- _TO DO_
Given the entries below, would you transcribe exactly the lines starting at the one with "미담타임스 정주환 기자" and ending at the one with "Outstanding shade of", both kept, pictures omitted, nothing extra?

- _MATERIAL FOR THE TASK_
--- START ---

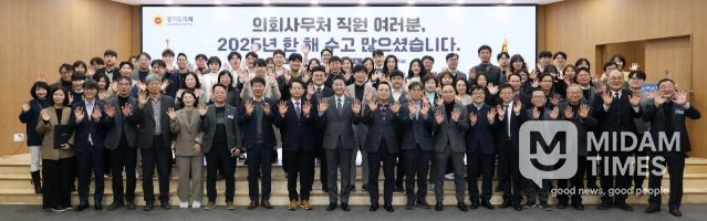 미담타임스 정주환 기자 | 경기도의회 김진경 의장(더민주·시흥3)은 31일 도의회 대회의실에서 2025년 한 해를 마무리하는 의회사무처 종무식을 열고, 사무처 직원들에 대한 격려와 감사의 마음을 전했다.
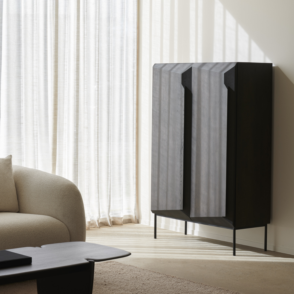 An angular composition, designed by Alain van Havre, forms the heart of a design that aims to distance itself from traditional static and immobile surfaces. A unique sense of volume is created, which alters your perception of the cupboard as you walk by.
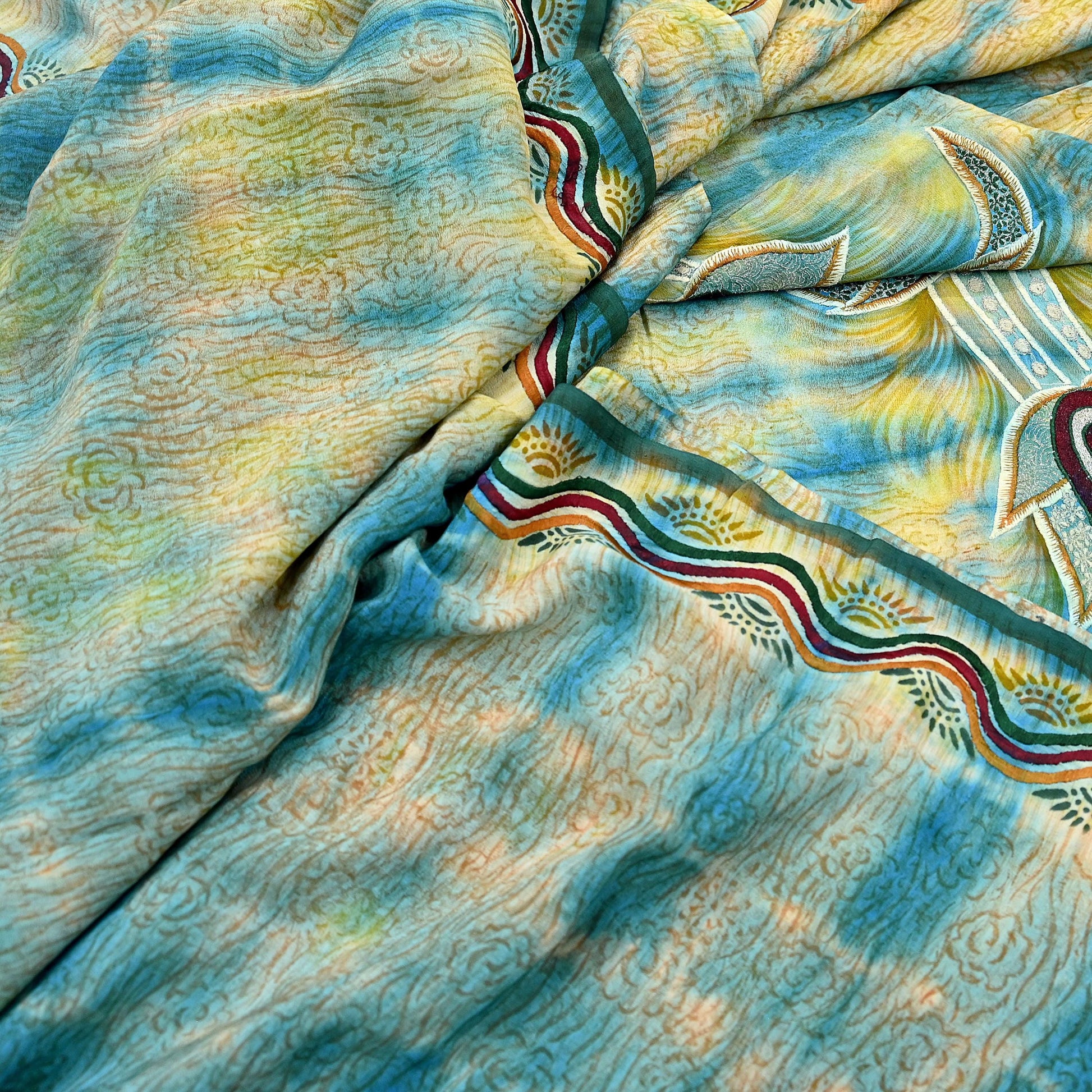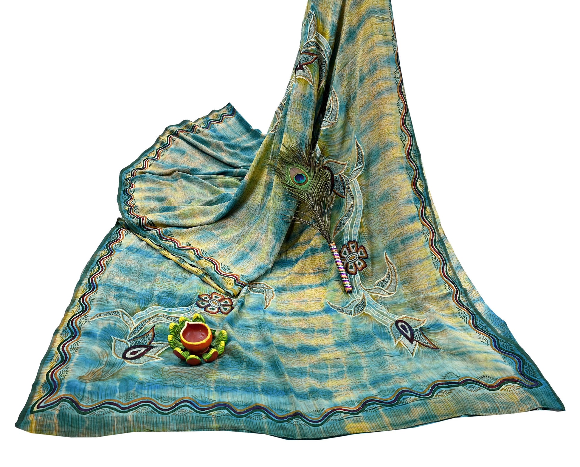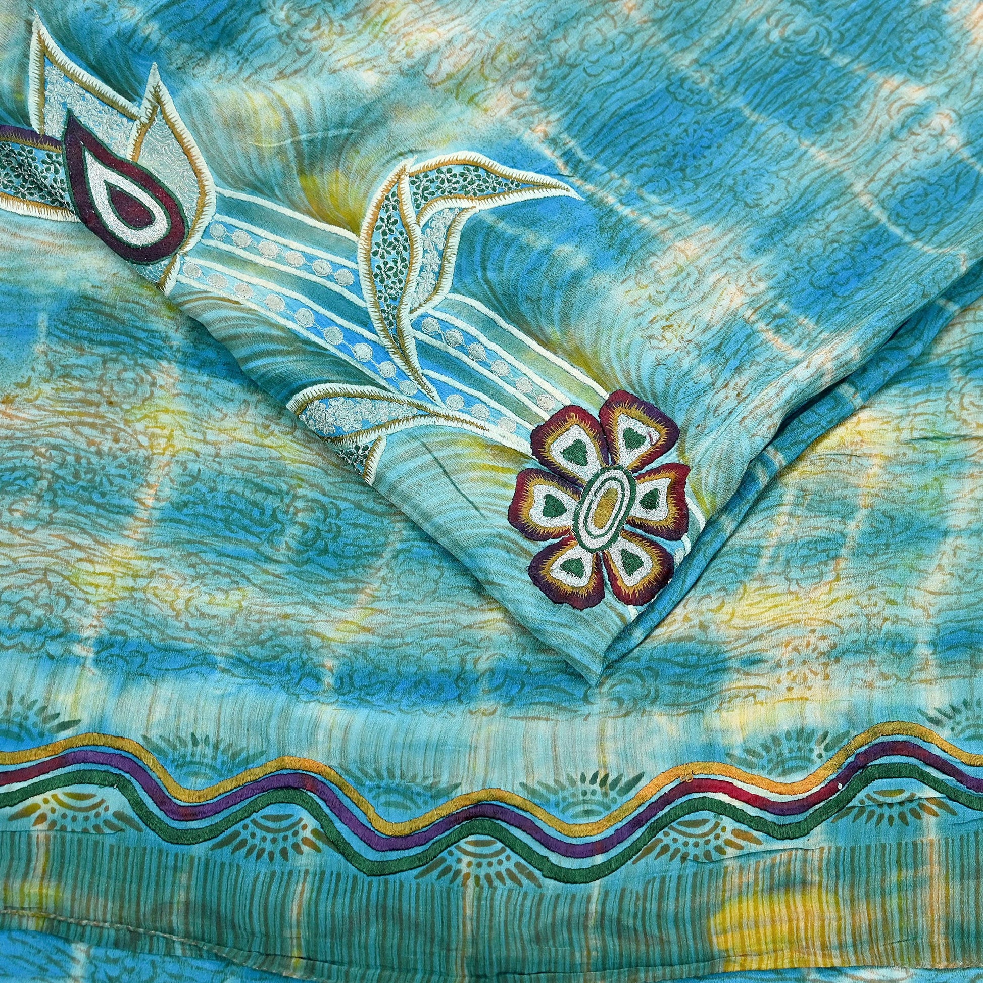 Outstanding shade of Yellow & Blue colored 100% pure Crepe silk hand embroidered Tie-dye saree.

--- END ---
--- START ---

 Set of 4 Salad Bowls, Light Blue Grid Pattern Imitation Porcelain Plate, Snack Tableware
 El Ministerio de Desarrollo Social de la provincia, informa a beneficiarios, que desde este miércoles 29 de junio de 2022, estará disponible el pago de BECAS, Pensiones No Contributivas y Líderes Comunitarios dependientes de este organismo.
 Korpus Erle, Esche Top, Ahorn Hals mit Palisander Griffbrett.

--- END ---
--- START ---

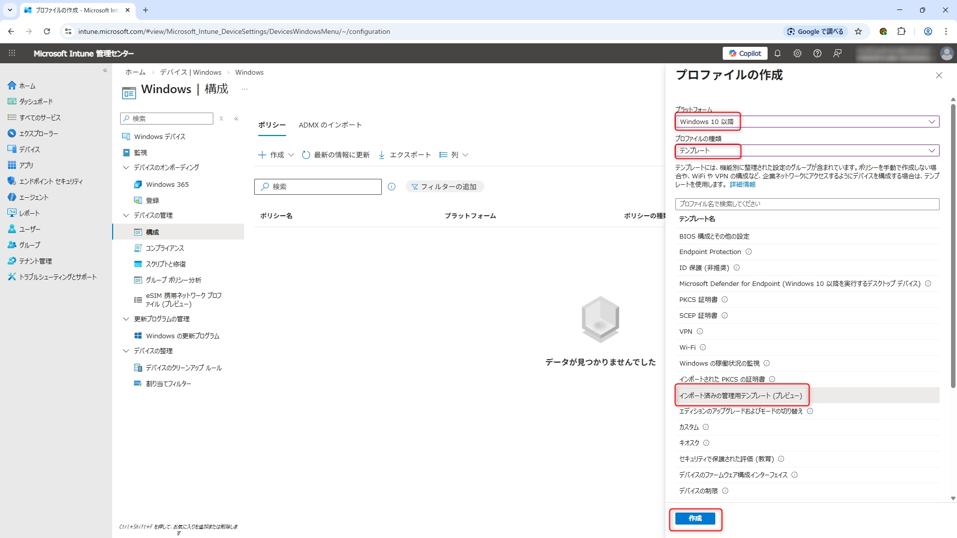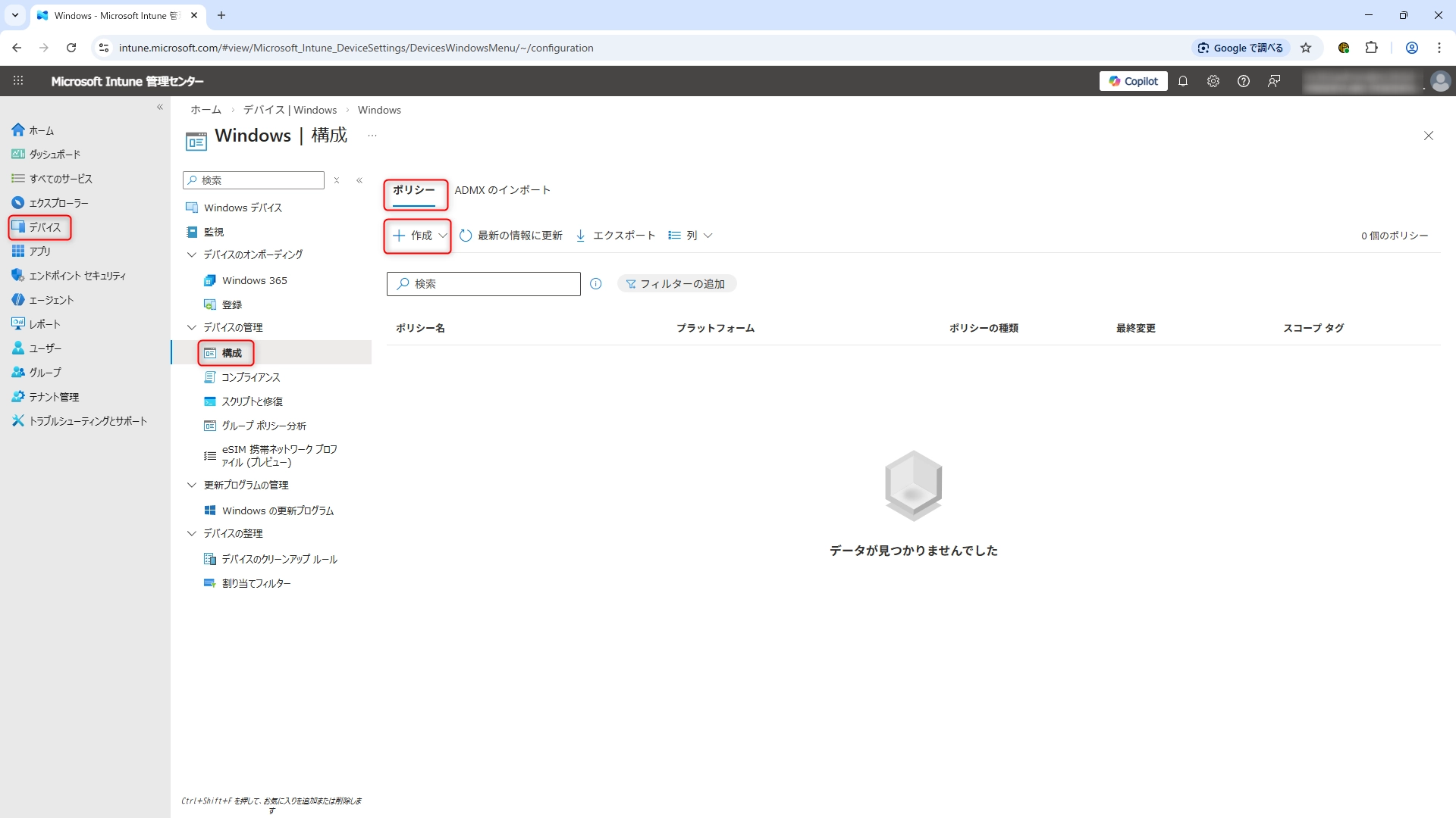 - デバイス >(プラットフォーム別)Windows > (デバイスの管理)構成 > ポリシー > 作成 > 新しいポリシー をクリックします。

--- END ---

- _TASK OUTPUT_
 미담타임스 정주환 기자 | 경기도의회 김진경 의장(더민주·시흥3)은 31일 도의회 대회의실에서 2025년 한 해를 마무리하는 의회사무처 종무식을 열고, 사무처 직원들에 대한 격려와 감사의 마음을 전했다.
 An angular composition, designed by Alain van Havre, forms the heart of a design that aims to distance itself from traditional static and immobile surfaces. A unique sense of volume is created, which alters your perception of the cupboard as you walk by.
 Outstanding shade of Yellow & Blue colored 100% pure Crepe silk hand embroidered Tie-dye saree.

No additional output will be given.